[SUPPLIED DATA Boundary: Start]
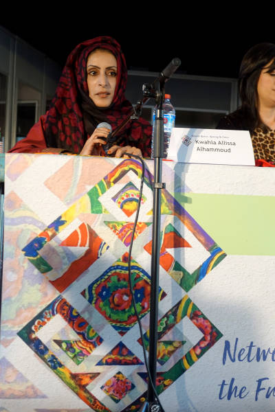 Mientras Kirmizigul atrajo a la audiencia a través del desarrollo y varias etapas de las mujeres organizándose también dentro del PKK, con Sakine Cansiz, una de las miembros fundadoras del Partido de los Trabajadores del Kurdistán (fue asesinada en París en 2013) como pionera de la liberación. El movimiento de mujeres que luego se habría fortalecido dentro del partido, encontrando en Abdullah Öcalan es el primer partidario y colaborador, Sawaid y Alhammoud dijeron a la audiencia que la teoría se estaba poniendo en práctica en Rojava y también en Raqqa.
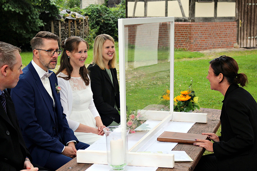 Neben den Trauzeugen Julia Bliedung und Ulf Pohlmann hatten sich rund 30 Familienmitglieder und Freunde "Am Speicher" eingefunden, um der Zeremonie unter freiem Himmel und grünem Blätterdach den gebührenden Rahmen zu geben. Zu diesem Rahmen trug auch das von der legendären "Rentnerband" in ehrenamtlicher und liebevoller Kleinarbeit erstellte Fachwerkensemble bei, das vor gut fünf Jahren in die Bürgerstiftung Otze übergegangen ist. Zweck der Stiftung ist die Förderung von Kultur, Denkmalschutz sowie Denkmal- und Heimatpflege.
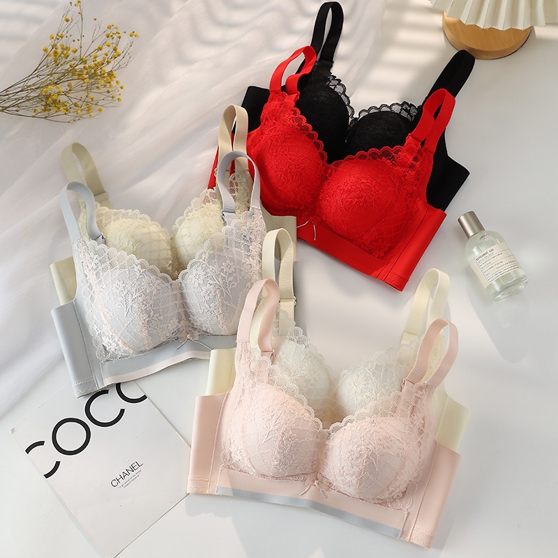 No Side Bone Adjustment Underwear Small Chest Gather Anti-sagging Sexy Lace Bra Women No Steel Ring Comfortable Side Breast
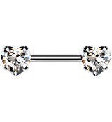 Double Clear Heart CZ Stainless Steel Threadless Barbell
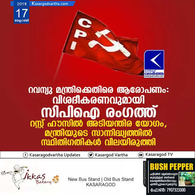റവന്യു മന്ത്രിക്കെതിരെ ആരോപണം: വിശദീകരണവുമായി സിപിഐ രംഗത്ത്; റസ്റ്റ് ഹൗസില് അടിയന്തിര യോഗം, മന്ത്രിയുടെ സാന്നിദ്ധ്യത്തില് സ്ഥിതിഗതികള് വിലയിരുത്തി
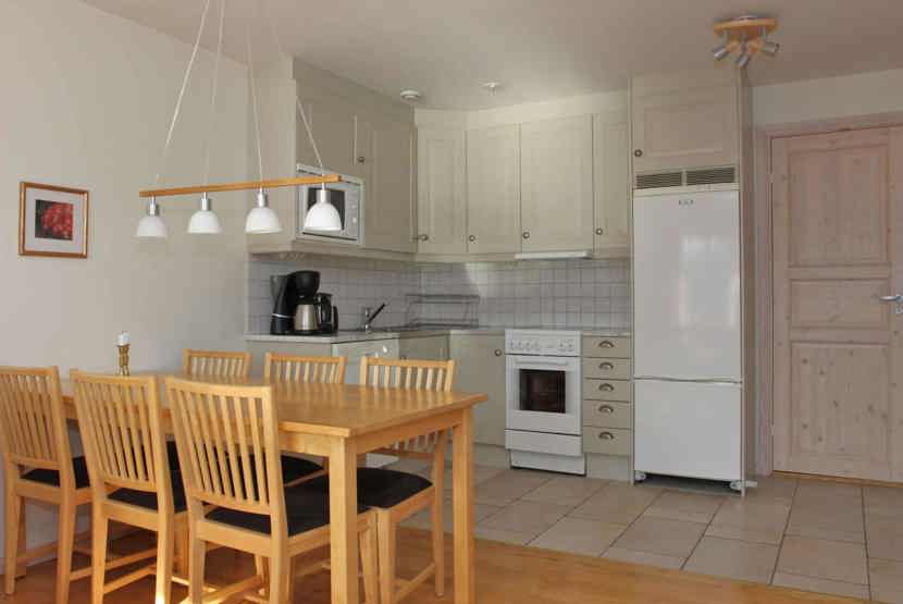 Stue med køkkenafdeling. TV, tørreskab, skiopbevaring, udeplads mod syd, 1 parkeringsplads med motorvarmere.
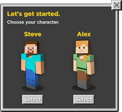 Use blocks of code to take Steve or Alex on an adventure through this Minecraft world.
[SUPPLIED DATA Boundary: End]
[SUPPLIED DATA Boundary: Start]
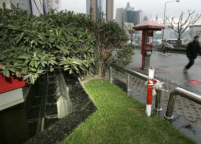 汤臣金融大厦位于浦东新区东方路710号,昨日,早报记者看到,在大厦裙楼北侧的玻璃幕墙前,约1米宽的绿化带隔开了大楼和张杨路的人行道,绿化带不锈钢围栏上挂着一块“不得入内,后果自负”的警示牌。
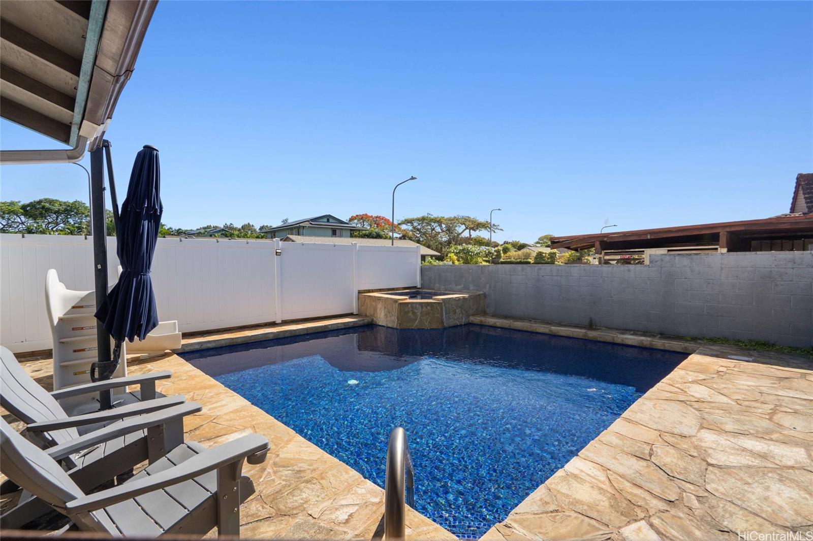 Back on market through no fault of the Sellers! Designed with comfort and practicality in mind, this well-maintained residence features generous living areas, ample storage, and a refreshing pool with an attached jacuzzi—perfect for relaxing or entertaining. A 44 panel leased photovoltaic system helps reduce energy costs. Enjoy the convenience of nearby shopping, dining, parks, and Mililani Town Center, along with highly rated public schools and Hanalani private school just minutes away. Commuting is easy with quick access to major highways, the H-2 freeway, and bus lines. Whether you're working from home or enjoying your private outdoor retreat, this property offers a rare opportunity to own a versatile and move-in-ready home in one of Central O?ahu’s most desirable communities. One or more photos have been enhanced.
[SUPPLIED DATA Boundary: End]
[SUPPLIED DATA Boundary: Start]
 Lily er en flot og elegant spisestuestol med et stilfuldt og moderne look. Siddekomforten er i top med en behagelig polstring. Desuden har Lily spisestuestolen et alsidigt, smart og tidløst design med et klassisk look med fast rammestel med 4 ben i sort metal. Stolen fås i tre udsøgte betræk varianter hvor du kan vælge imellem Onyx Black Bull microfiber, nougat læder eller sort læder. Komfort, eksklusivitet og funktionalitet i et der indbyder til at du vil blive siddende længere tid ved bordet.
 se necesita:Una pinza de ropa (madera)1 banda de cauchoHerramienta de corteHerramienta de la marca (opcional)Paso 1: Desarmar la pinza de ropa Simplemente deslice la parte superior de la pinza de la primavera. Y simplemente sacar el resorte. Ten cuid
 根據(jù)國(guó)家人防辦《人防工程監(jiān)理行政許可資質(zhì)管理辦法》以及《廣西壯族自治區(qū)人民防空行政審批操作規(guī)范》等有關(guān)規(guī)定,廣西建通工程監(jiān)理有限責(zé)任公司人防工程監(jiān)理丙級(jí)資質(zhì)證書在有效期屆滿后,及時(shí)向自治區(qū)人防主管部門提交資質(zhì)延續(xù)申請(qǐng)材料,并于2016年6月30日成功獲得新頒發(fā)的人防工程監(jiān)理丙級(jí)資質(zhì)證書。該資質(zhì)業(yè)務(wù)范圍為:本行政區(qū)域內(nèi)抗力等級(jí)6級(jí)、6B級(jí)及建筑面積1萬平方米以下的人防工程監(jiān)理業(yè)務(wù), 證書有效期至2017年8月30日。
[SUPPLIED DATA Boundary: End]
● TASK OBJECTIVE:
When you reach the line with "Stue med køkkenafdeling." in the records above, begin repeating the lines exactly, and stop after the line with "Use blocks of". Skip all pictures.

● RESULT OF THE EXERCISE:
 Stue med køkkenafdeling. TV, tørreskab, skiopbevaring, udeplads mod syd, 1 parkeringsplads med motorvarmere.
 Use blocks of code to take Steve or Alex on an adventure through this Minecraft world.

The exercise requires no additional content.